Мы взялись за это слишком поздно – а может быть, слишком рано. Для нас город всегда был связан с вакхическими радостями, скромными или безудержными. Жить дисциплинированно мы умели лишь по возвращении на Лонг-Айленд, да и то не всякий раз. Ничто не побуждало нас делать городу какие-то уступки. Первый из моих символов Нью-Йорка теперь стал только воспоминанием, ибо я уже знал, что успех и неуспех лишь в тебе самом; второй – утратил притягательность: из тех актрис, которым я поклонялся издали в 1913 году, две успели уже пообедать у нас. И я ощущал какой-то страх, видя, что вот-вот исчезнет и третий символ, – темп городской жизни все убыстрялся, что уж было думать о том покое, что царил в квартире Кролика. И сам Кролик был женатым человеком, а вскоре должен был стать и отцом. Другие друзья разъехались по Европе, о вчерашних служителях муз теперь говорили как о младших сыновьях семейств, чьи дома были не чета нашему ни по размерам, ни по социальному статусу. Да и мы к этому времени «перезнакомились со всеми», то есть с большинством из тех, кого Ральф Бартон, когда он рисовал публику на премьере,[248] поместил бы в первых рядах партера.
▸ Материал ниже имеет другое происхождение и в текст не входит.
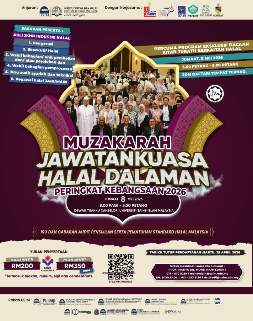 Muzakarah Jawatankuasa Halal Dalaman Peringkat Kebangsaan 2026 sempena Festival Halal dan Pelancongan Islam Madani @USIM 2026 yang akan diadakan seperti ketetapan berikut:
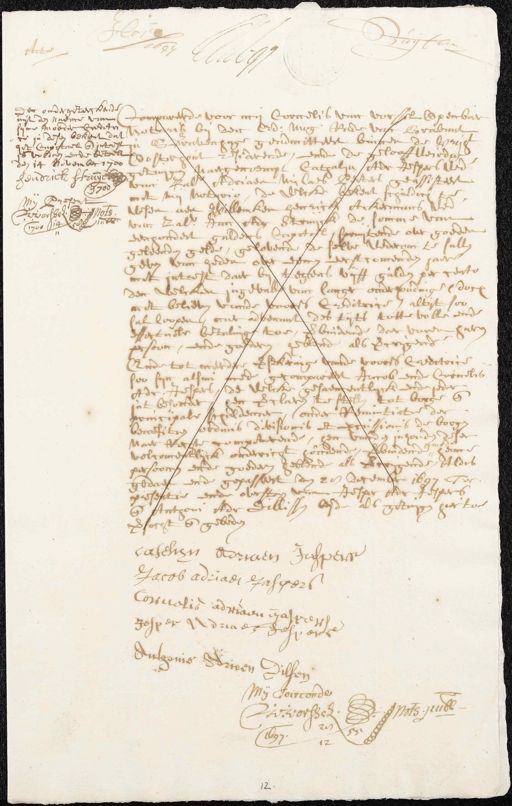 319 ƒ Act 1 Compareerde voor mij Cornelis van vors. Notaris bij de Ede: Mog. de van Bram nu pouverhun gedecreteert binnen der Oosterhout residerende, ende de slooffweirdat getuijgen naergedacht Cathalin, Adressers wed van sal Adriaen Niclaes Pieters geasisteert goot mij notario, dewelcke bekent schuldich sen aen Willemken Henrick Ackermans de van sal. achter struijck de somme van eenhondert guldens capital, spruitende over goeden geleerden gelde, gelovende de selve wederom te sullen geven van heden over den eerstcomenden jaere met intrest daerbij tegens vyff gulden per cento denwelcken ingeval van hagger onderhoudinge dog met believen vande voors. creditrice, altijt soo sal loopen, over advenant des tijts totte volle ende ectuele betaling toe, verbindende daer voren hare persoon, ende goederen eende als vercrijgende Ende tot meerdere versekeringe vande voorss. Creditrice soo sijn alsnu mede gecompareert Jacob ende Cornelis off de geseert, de welcke gesaementlick ende ieder int behouder hem verclaren te sullen tot vooge principale schuldenaer, (onder Renuntiatie der verefitien ordinis divisionis et excussions de vooge naer rechte competeerd, het vanden inhouden deser en vercomentlick overicht honderde, vindende „ een persoonen ende goederen hebbende als krygende, Aldus gedaen ende gepasseert den 28 December 1697 ses presentie ende overstaen van Resper de festers Anthon de Dillissen bijde als getuygen hiertoe socht ende gebeden atenis Adriaen Peper Jacob adriaen Jasper nelis adriaen appel esper Adriae gespe mens voren aen Toirconde veel 1697. 28 12 12 Een ondergeteekende uijt den naeme van sijne moeder breder ge in desen bekent dat het Capitael ende intrest is voldaen ende beten den 14 November 1700 Hendrick Struij 1 Me present vors. Nots. 1700588

Но теперь мы уже мало что и значили. Эмансипированная девица, о которой я писал в своих первых книгах и которой был обязан своей популярностью, к 1923 году вышла из моды – во всяком случае, здесь, на Востоке. Я решил ошеломить Бродвей и написал пьесу, но Бродвей выслал своих лазутчиков в Атлантик-Сити, где ее для пробы поставили, и убил эту идею на корню.[249] Выходило, что в данный момент городу и мне нечего предложить друг другу. И я решил забрать с собой атмосферу Лонг-Айленда, такую мне привычную, и воссоздать ее под незнакомыми мне небесами.

Прошло три года, прежде чем мы опять увидели Нью-Йорк. Пароход медленно шел вверх по реке, и в ранних сумерках на нас обрушивался город – белый глетчер южного Манхэттена, как пролет воздушного моста, а выше, за ним, – вся громада Нью-Йорка, чудо пенистого света, зацепившегося за звезды. На палубе грянул оркестр, но на фоне такого величия марш звучал пошловато. И в ту минуту я осознал навсегда, что Нью-Йорк – это мой дом, как бы часто я его ни покидал.

Ритм городской жизни резко переменился. Неуверенность, свойственную Нью-Йорку в 1920 году, поглотила всеобщая погоня за деньгами, многие наши друзья разбогатели. Но спешка в Нью-Йорке 1927 года граничила с истерикой. Приемы стали многолюднее – вечера у Конде Наста могли бы поспорить со сказочными балами 1890-х годов;[250] темп убыстрился, по части выбора развлечений мы теперь превзошли и Париж, спектакли стали смелее, здания – выше, нравы – вольнее, спиртное – дешевле, только все эти достижения не вызывали особого восторга. Молодые быстро изнашивались – в двадцать один год человек успевал ожесточиться и на все махнуть рукой, и из целого поколения один лишь Питер Арно сумел сделать что-то новое и интересное; похоже, он и его студия сказали все, что требовалось сказать о Нью-Йорке времен бума, – все то, чего не мог сказать джаз. Многие из тех, кого трудно было причислить к алкоголикам, напивались по крайней мере через вечер; нервы были истрепаны чуть ли не у всех. Компании и составлялись по сходству комплексов, а похмелье стало столь же неотъемлемой принадлежностью суток, как сиеста у испанцев. Мои друзья, как правило, пили лишнее и соответствовали духу времени тем полнее, чем больше пили. Все делалось само собой, и сознательные усилия не имели никакой ценности; было даже изобретено презрительное словцо для обозначения тех, кто чего-то упорно добивался, – их называли делягами. И я оказался литературным делягой.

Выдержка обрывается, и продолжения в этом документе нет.